# To find the area, but the easiest approach is using Brahmagupta’ s formula1:

If a quadrilateral of side lengths a, b, c, d can be inscribed in a circle, then its area is given by
A = sqrt<(s − a)(s − b)(s − c)(s − d)>, where s =
(a + b + c + d)/2

In this case, a = 2*radius
You know b and d are equal, and you can write a relationship, I think between b and c (c= d - 2b*cosAngle) and you can figure the cosine of the angle in terms of the secants.

Then maximize the area, set to zero, and solve for b or c.

Could be some nasty math. I don't see an easier analytic method.

find the dimension of the trapezoid of greatest area that can be inscribed in a semicircle of radius r

## To find the dimensions of the trapezoid of greatest area that can be inscribed in a semicircle of radius r, we can follow these steps:

1. Start by visualizing the problem. Draw a semicircle with radius r. Then draw a trapezoid inside the semicircle such that its bases are parallel to the diameter of the semicircle.

2. Let the length of the parallel bases of the trapezoid be a and b.

3. By symmetry, we can assume that the longer base (b) is positioned horizontally at the bottom and the shorter base (a) is positioned vertically at the top.

4. Use Pythagoras' theorem to find the height (h) of the trapezoid. Consider the right-angled triangle formed by the radius, the height, and one of the bases. The hypotenuse is the radius (r), and one side is the height (h). Using Pythagoras' theorem, we have: r^2 = (a/2)^2 + h^2.

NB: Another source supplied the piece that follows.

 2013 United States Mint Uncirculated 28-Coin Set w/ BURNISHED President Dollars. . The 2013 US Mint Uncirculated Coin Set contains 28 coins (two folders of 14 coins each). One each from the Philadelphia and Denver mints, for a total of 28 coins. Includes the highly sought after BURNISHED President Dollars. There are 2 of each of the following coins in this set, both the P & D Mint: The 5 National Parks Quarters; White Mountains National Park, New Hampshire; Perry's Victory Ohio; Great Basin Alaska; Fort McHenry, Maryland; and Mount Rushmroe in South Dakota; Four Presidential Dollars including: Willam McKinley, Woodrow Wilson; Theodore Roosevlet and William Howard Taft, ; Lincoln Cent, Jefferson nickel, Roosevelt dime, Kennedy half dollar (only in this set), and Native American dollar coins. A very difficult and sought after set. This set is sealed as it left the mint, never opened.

5. Rearrange the formula derived from Pythagoras' theorem to express h in terms of a: h = sqrt(r^2 - (a/2)^2).

6. Determine the length of the other diagonal (c) of the trapezoid. Since the trapezoid is inscribed in the semicircle, both diagonals will be equal to the diameter, which is 2r.

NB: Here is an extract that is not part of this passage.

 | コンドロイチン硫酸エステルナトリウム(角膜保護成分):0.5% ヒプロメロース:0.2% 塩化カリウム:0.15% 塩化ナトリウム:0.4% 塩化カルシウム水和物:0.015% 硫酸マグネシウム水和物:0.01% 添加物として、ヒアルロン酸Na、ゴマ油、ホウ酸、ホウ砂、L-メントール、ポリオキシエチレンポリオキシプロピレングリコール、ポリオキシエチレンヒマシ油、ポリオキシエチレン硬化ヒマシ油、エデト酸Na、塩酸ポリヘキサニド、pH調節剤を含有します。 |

7. Use the formula for the area of a trapezoid to find the area (A) in terms of a, b, and h. The area of a trapezoid is given by A = (a + b)/2 * h.

8. Substitute the expression for h derived in step 5 into the area formula from step 7. This will give the area of the trapezoid solely in terms of a and b.

9. To maximize the area, differentiate the area formula with respect to either a or b, set the derivative equal to zero, and solve for one of the variables. This will yield the critical values for a or b.

10. Calculate the corresponding value for the other variable using the relationship between a and b.

11. Evaluate the area using the values obtained for a and b. This will give you the maximum area of the trapezoid that can be inscribed in the semicircle.

Remember, this process may involve some complex math, so it might be helpful to use a computer algebra system or calculator to handle the calculations.

It's also worth noting that the solution obtained using this method will be an approximation, as finding the exact dimensions of the trapezoid of maximum area may involve non-elementary functions.